Is It Time to Disrupt Our Thinking on Urban Greening?

Cities are becoming increasingly and more densely populated, and, as a result, green spaces are shrinking. This has many consequences on the environment and human health. Therefore, it’s becoming clear that we must plan more effectively to include urban green spaces in our cities.

When we consider U.S. urban green space data, we can see how poorly we have done at providing this crucial resource to urban populations. For example, the median amount of land used for recreation is only 15%. Among our major cities, New York ranks last for the amount of green space per resident.

Why do we find it so difficult to provide more green space in cities, so that we can unlock the benefits of green space in urban areas?

Challenge #1: It’s difficult to measure the need for urban green space

While many studies and research papers provide evidence of the benefits of green space in our cities, it is difficult to measure how these spaces are used ─ and therefore challenging to make the case to incorporate them into urban planning.

Without understanding who uses city parks, for example, and when and why they are used, it is hard to make the case to add more. 

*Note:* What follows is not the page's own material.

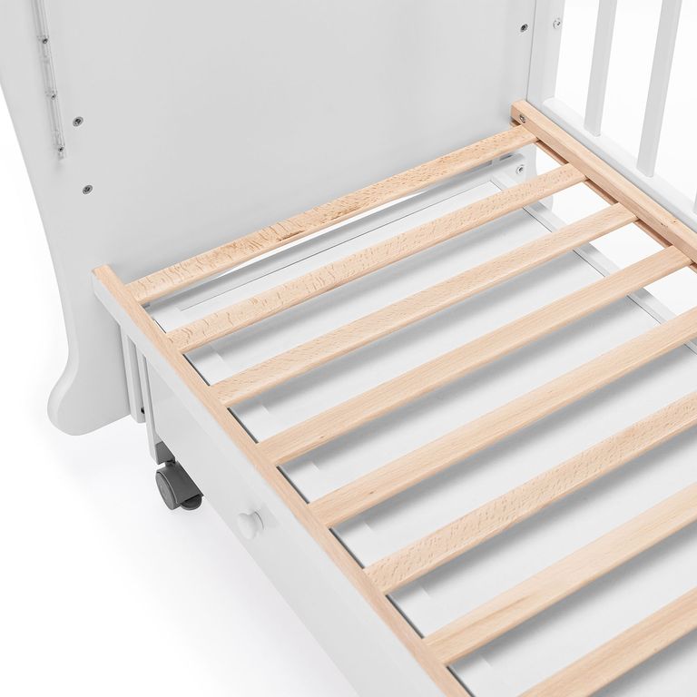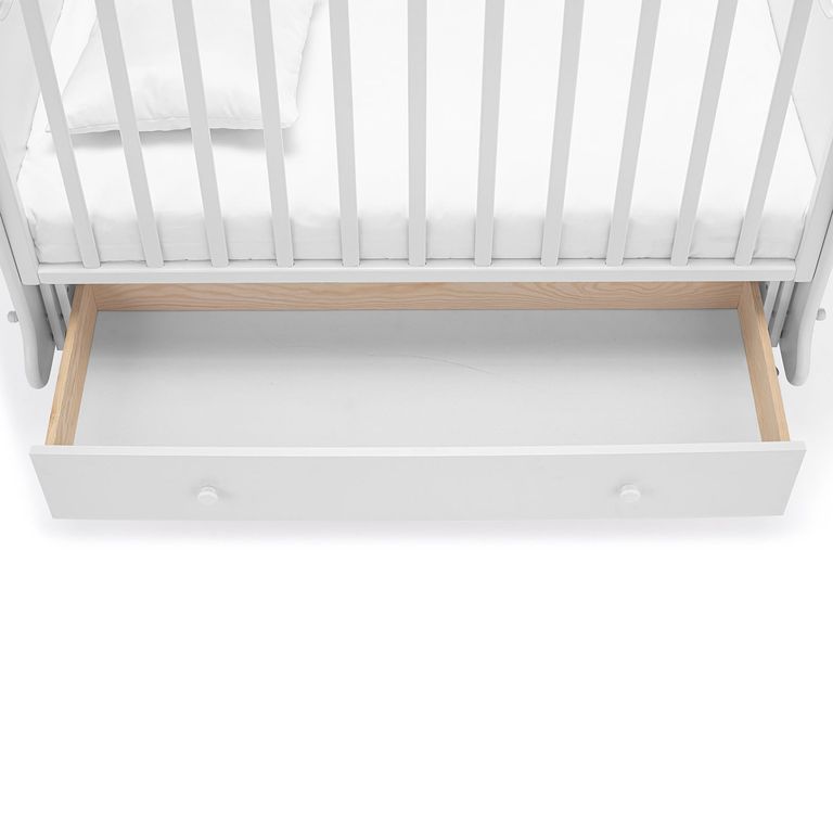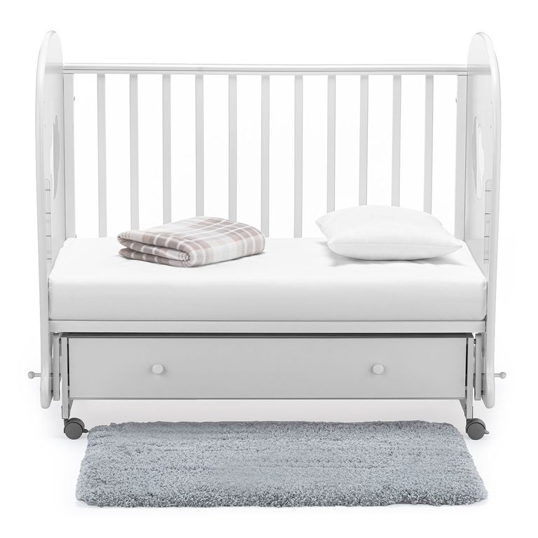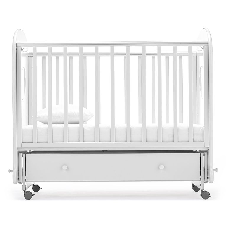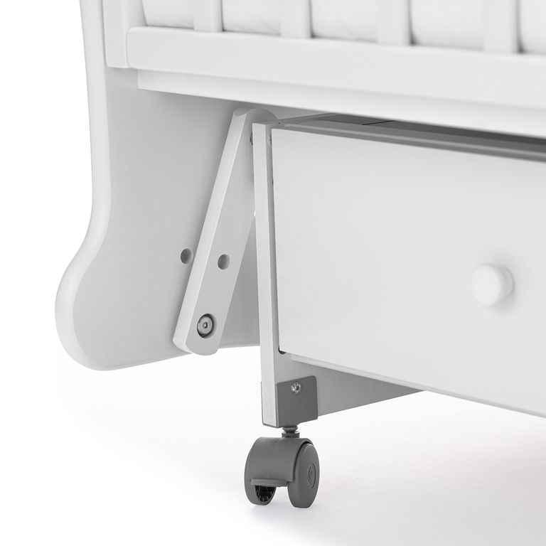 Кроватка рассчитана на малышей с рождения, максимальный вес, который способно выдержать изделие — 50 кг. Присутствует удобный механизм маятникового качания (поперечный маятник), доводчики прикроватного ящика для белья и колесики с мягким ходом (2 из них со стопорами). Реечное дно создает вентиляцию и хороший воздухообмен, а также способствует обеспечению правильной осанки у ребенка. В конструкции предусмотрено множество полезных деталей: передняя стенка является съемной, на поручнях присутствуют силиконовые накладки-«грызунки», ложе регулируется на 3-х уровнях.
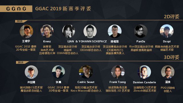 2019赛季,GGAC更加注重赛事评审的权威性与国际视野,共邀请到来自全球6个国家和地区的13位评委大神,并组建了一支由顶级实力派插画师钟风华领衔的专家团,为赛事的评审提供专业视角的同时,扩充了多元开放的文化视野。

Technology may hold the key here so that we can measure use more accurately and provide the green spaces that residents will visit. Without such knowledge, planners risk designing spaces that become underutilized and fall into dereliction.

Challenge #2: Financial constraints

As federal, state, and city budgets become constrained, pressure grows for every inch of space to be used productively. This often means that city planners look at the financial benefits of land use. Developing houses or commercial real estate is far simpler to envisage for its financial benefits. How do you assess the financial positive of green space, despite the many benefits it delivers?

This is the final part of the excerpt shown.